Выпуск: №37-38 2001

Рубрика: Книги

Made in France, Eaten in Russia: постструктурализм на последнем дыхании

Алексей Пензин. Родился в 1974 году в Новгороде. Философ, сотрудник Института философии РАН. С 2013 г. — также исследователь и преподаватель в университете Вулверхэмптона (Великобритания). Член рабочей̆ группы «Что делать?». Входит в редакционный совет «ХЖ».
 Участник редколлегии журнала «Стазис» (СПб). Живет в Лондоне и Москве.

Разглядывая обложки переводов книг французских авторов разных лет, обнаруживаешь, что эволюция здесь шла от робкой нефигуративности (использовались фрагменты работ художников модерна или стилизации под них) к яркой, уверенной фактуре поп-артовского или «намеренно» китчевого типа. Такая закономерность точно отображает более чем десятилетнюю историю апроприации заключенных под этими эмблематическими изображениями текстов. Подобные изменения вряд ли покрываются какими-либо индивидуально-эстетическими или сугубо коммерческими алиби издательской деятельности. Сначала обложка лишь силится передать всю «сложность» и «крутизну» заключенного в ней «сверхчеловеческого супертекста» и останавливается где-то на полпути, растерянно замирая в некой неопределенной образности. Последняя же продукция, например того же «Ad Marginem» или «Гнозиса», демонстрирует уже совсем иную симптоматику — появляются вполне идентифицируемые агрессивные образы, которые как бы пытаются навязать свою интерпретацию оформляемому тексту. Фрустрация выказывает себя именно в таких «циничных» знаках разочарования.

 

Идеология перевода

Как будто следуя букве differAnce/отсрочки, в издательстве «Ad Marginem» наконец вышел перевод основополагающей работы Жака Деррида «О грамматологии». Опыт цивилизованной публикации значительного текста французского философа здесь, в России, позволяет нам задаться как никогда своевременным сейчас, в 2001 году, вопросом: куда  вышла эта книга более чем тридцатилетней давности, где она оказалась? И — возможно, слишком передергивая, обобщая и нарушая правила «респектабельного» анализа — попытаться в формате короткой статьи-проекта указать на самый широкий спектр проблем, связанных с постструктурализмом или «французской теорией», а также на эффекты той странной и, возможно, сугубо локальной инерции, в силу которой тексты, подобные упомянутому, до сих пор продолжают нести печать некой актуальности, как бы говоря: «После нас ничего не было».

Не будем рефлексировать над корректностью словоупотребления — для наших целей нам нужен именно «постструктурализм», слово из учебника. Такое обозначение релевантно практически, в смысле реально существующей диспозиции интеллектуального рынка: это всего лишь бренд-нейм одной, похоже, окончательно обанкротившейся корпорации. Будем относиться к «Грамматологии» даже не как к «примеру», что было бы неблагодарным по отношению к автору, посвятившему критике структур экземплификации немало страниц, а скорее как к абсолютно сингулярному поводу, не беря на себя никаких обязательств относительно близости материалу этой книги.

Речь идет не только о контексте рецепции и интерпретации текстов французского постструктурализма, который сложился у нас за последние два — два с половиной десятилетия.
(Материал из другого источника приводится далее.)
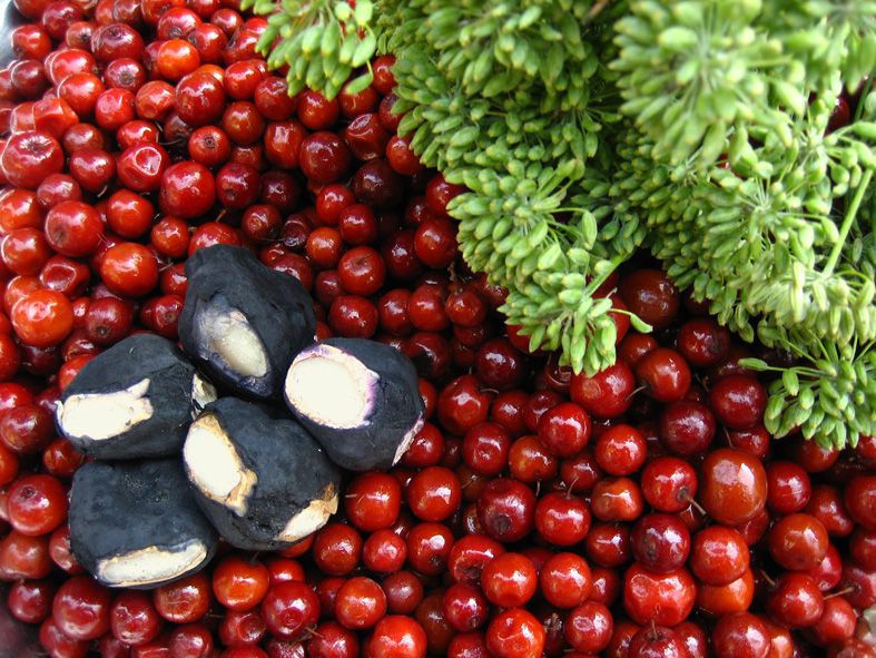 Ripped Ziziphus mauritiana - Indian Jujube (Red-orange, Fennel and Water chestnuts.

В пространстве переноса текста из одной дискурсивной среды в другую определенно возникают симптомообразующие процессы, анализ которых мог бы позволить говорить не только о состоянии нашего дискурсивного сообщества, но и, что не менее важно, об «оригинале», который в таком остраненном экзотической материей чужого языка состоянии раскрывает многие свои защиты, ранее делавшие его безупречным и даже — в нашем случае — чуть ли не сакральным.

Ведь перевод, translation, — это еще и перенос, настоящий трансфер, отягощенный бессознательными инвестициями. Будем исходить из предположения, что проекция текста в поле чужого языка отчасти высвобождает все его бессвязности, все его недомолвки и даже «глупости». И, возможно, не стоит приписывать их переводчикам, которым-де не под силу воспарить в горние высоты сверхценного оригинала. Перевод — это активный жест, критика, своего рода тестирование текста в другом языке, а совсем не «грехопадение» святого писания в мир профанного наречия перевода. Думать иначе — значит быть эдипизированным, быть порабощенным текстом-отцом-оригиналом настолько, что «думать иначе» вскоре станет чем-то совсем невероятным.
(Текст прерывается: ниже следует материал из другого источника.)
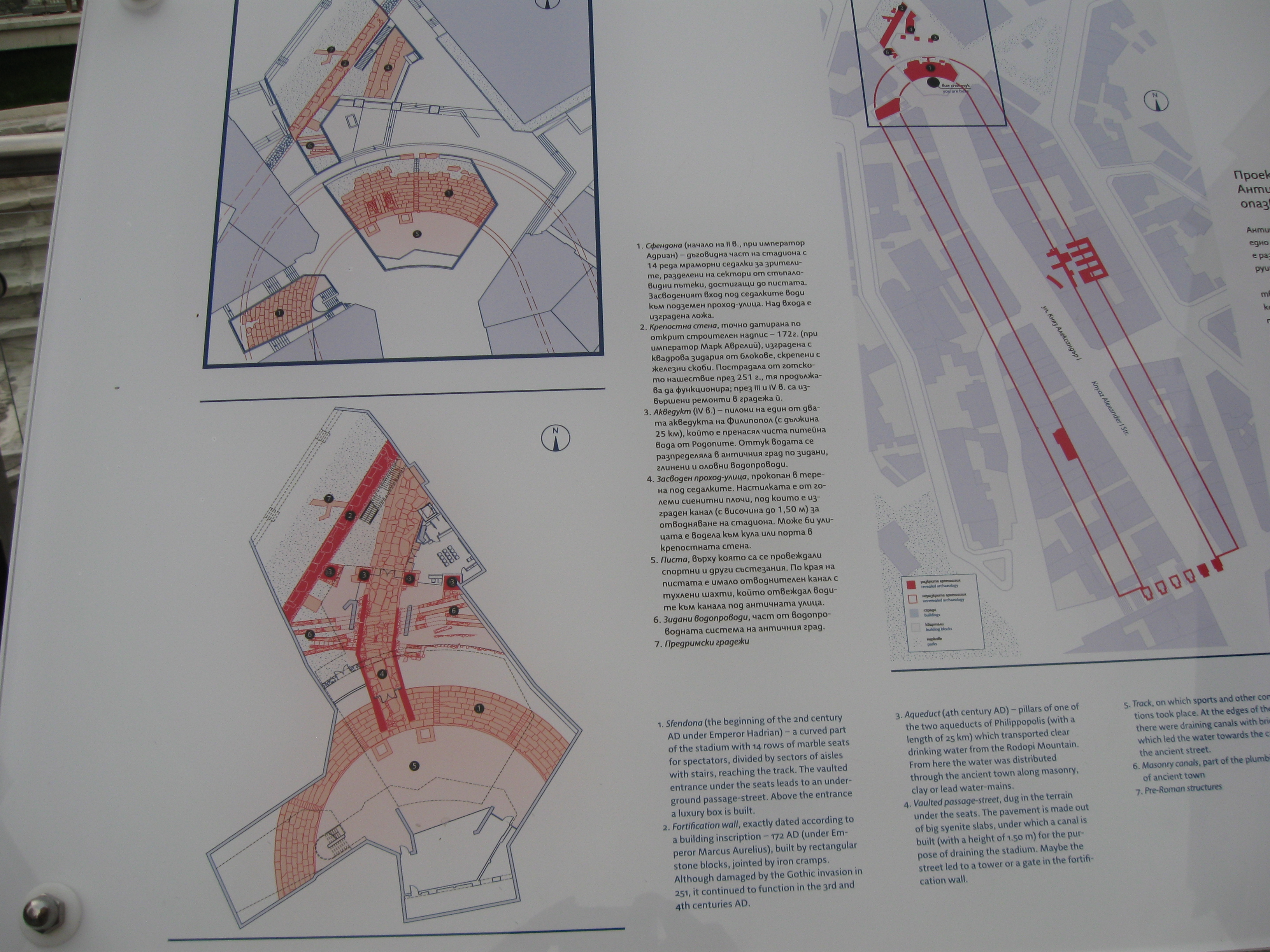 THE ANCIENT STADIUM OF PHILIPPOPOLIS IN PLOVDIV

Рассмотрим следующую показательную ситуацию. Одним из крупных событий франкоориентированного переводческого бума, охватившего издательства во второй половине 90-х, был выход изящно оформленного при поддержке самого «Еаллимара» сборника работ Мишеля Фуко «Воля к знанию» (1996 г.). Сразу началась экспертиза этого текста, обращенного к самой широкой аудитории. Интерес специалистов здесь был явно «сверхдетерминирован».

Немногочисленные исследователи-пионеры, которые открыли для себя целый архипелаг авангардной французской мысли еще во второй половине 70-х, теперь столкнулись с тем обстоятельством, что весь этот корпус текстов вдруг и сразу оказался «рассекречен», что незнание языка, неинформированность, а также отсутствие возможности купить нужную книгу внезапно перестали существовать как проблемы. Для этой группы новые переводы были «плохими» априорно, что выражало невротическую логику сопротивления, насыщенного желанием не расставаться с объектами своего тайного орфического наслаждения. Будучи «рассекреченными», эти тексты-объекты явно теряли свой эротический потенциал. (Кстати, довольно жеманная бартовская тема «plaisir du texte», которая одно время воспринималась с такой экзальтацией, была настоящей аллегоризацией «судьбы влечений» групп московских и отчасти питерских исследователей.)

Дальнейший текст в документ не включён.